Genetics aside, there is nothing in ethnomusicological data per se that necessitates an out-of-Africa reading of the distribution of modern human musical traditions. First, the derived nature of monophony cannot be clearly documented. Australia is completely monophonic without any trace of polyphony. The fact that Pygmy-Bushmen style tends to survive in isolated pockets and geographic refugia does not mean that more wide-spread styles are all derived from it.
It only suggests that Pygmy-Bushmen style may have been more prominent in the past. Just like “breathless solo” or “iterative one-beat,” also confined to relic areas, could have been. Second, although both Jordania and Grauer claim to have walked away from the old-fashioned evolutionary model of musical evolution from simple to complex, the subjugation of the whole of human musical history to one single trend of disintegration of a bundle of properties attested in African foragers sounds like the revival of evolutionism in its most primitive form.
Third, if, as Fitch argues, music and language share the same kin communication base, then monophony cannot be a derived trait because lullabies (presumably primordial among humans) are of necessity monophonic. Hence, monophony and polyphony can both be ancestral because confined to different domains of human life. Fourth, many archaic monophonic traditions (such as “iterative one-beat” found in Australia and North America or breathless solo – the other root in Lomax’s model) are tightly linked to drumming, and drumming is an ancestral trait in humans homological with drumming in chimpanzees (Fitch 2006, 194-195). At the same time,
polyphonic singing is often associated with complex musical instruments such as panpipes (again, attested from Sub-Saharan Africa to the Andes). Archaeologically, the earliest attested instruments (flutes dated at 36,000 years in Europe) are naturally simple. This may indicate that
both vocal and instrumental polyphony must have undergone considerable progressive evolution since the Late Pleistocene. Fifth, it’s unclear if monophony and polyphony are as starkly differentiated as Grauer often portrays them. For instance, meaningless vocables are widely found in North America (tribes there were even known to outsiders by their most popular nonsense words) but solo and unison vocalizing dominate there. The loose and flexible structure of Amazonian “canonic-echoic” (from Grauer’s A clade) echoes the “free or irregular rhythms” of “breathless solo” (Grauer’s B clade).
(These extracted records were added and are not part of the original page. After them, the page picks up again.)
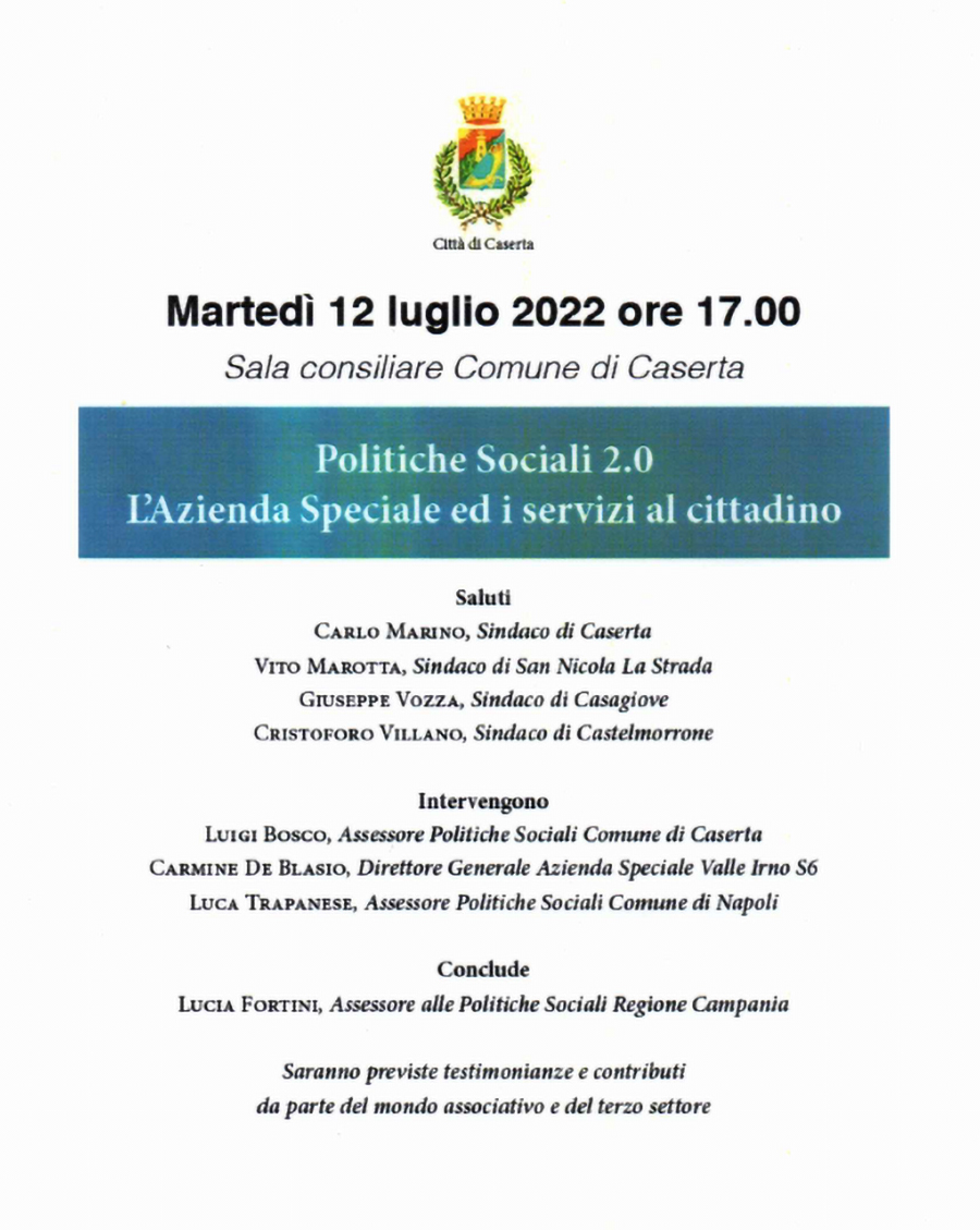 Martedì 12 luglio 2022 alle ore 17, nella Sala Consiliare del Comune di Caserta, è stata presentata l’Azienda Speciale e i servizi al cittadino Politiche Sociali 2.0
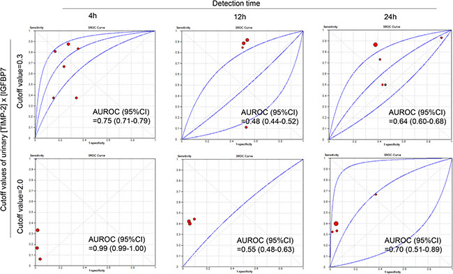 Figure 2: SROC curves of urinary [TIMP-2] x [IGFBP7] for diagnosis of AKI at different cut off values (0.3 or 2.0) and detection times (4 h, 12 h or 24 h).
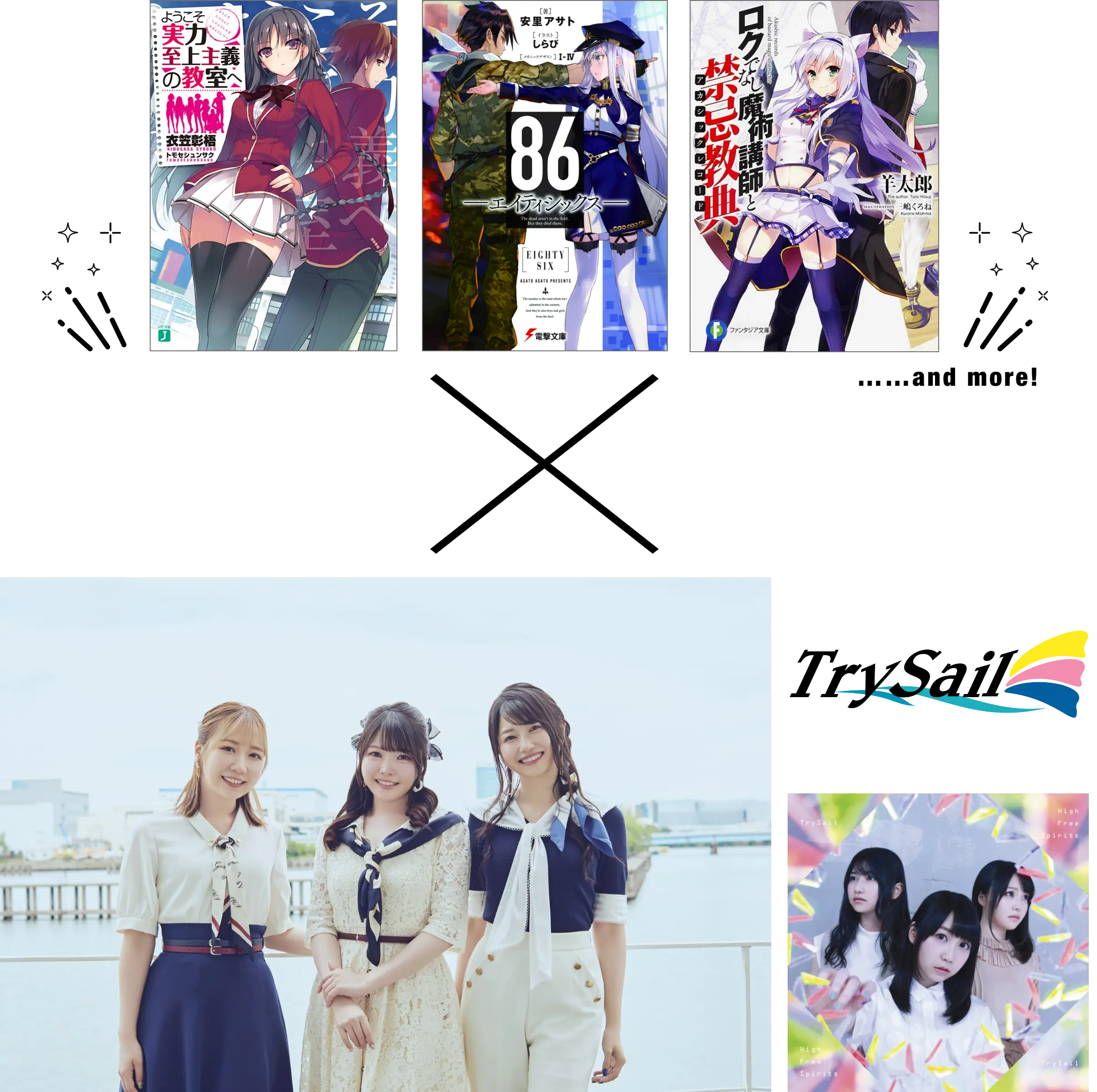 86―エイティシックス―/キミと僕の最後の戦場、あるいは世界が始まる聖戦/賢者の孫/終末なにしてますか? 忙しいですか? 救ってもらっていいですか?/スーパーカブ/ストライク・ザ・ブラッド/探偵はもう、死んでいる。/魔法科高校の劣等生/ようこそ実力至上主義の教室へ/ロクでなし魔術講師と禁忌教典

In fact Grauer acknowledges that there is a crossover between the two divergent musical styles taking place not in Africa, but in the Circumpolar region.“While B2 seems in many ways almost the opposite of any of the African A styles, there are some very interesting points in common, as indicated by the scored lines linking B2 with A2. The two styles are both characterized by yodel or yodel-like vocalizing (especially in the “joik” songs of Lapland, but also reflected in the heavy glottalization found throughout this style area), continuous vocalizing (interrupted by gasps for breath), wide intervals, and an emphasis on “nonsense” vocables.”Sixth, the change from a more loose and flexible structure of “canonic-echoic” toward more regimented Pygmy-Bushmen style seems to be more natural than the change in the opposite direction. (And Grauer uses the same logic to argue that Pygmy kinship systems are more archaic compared to Bantu.)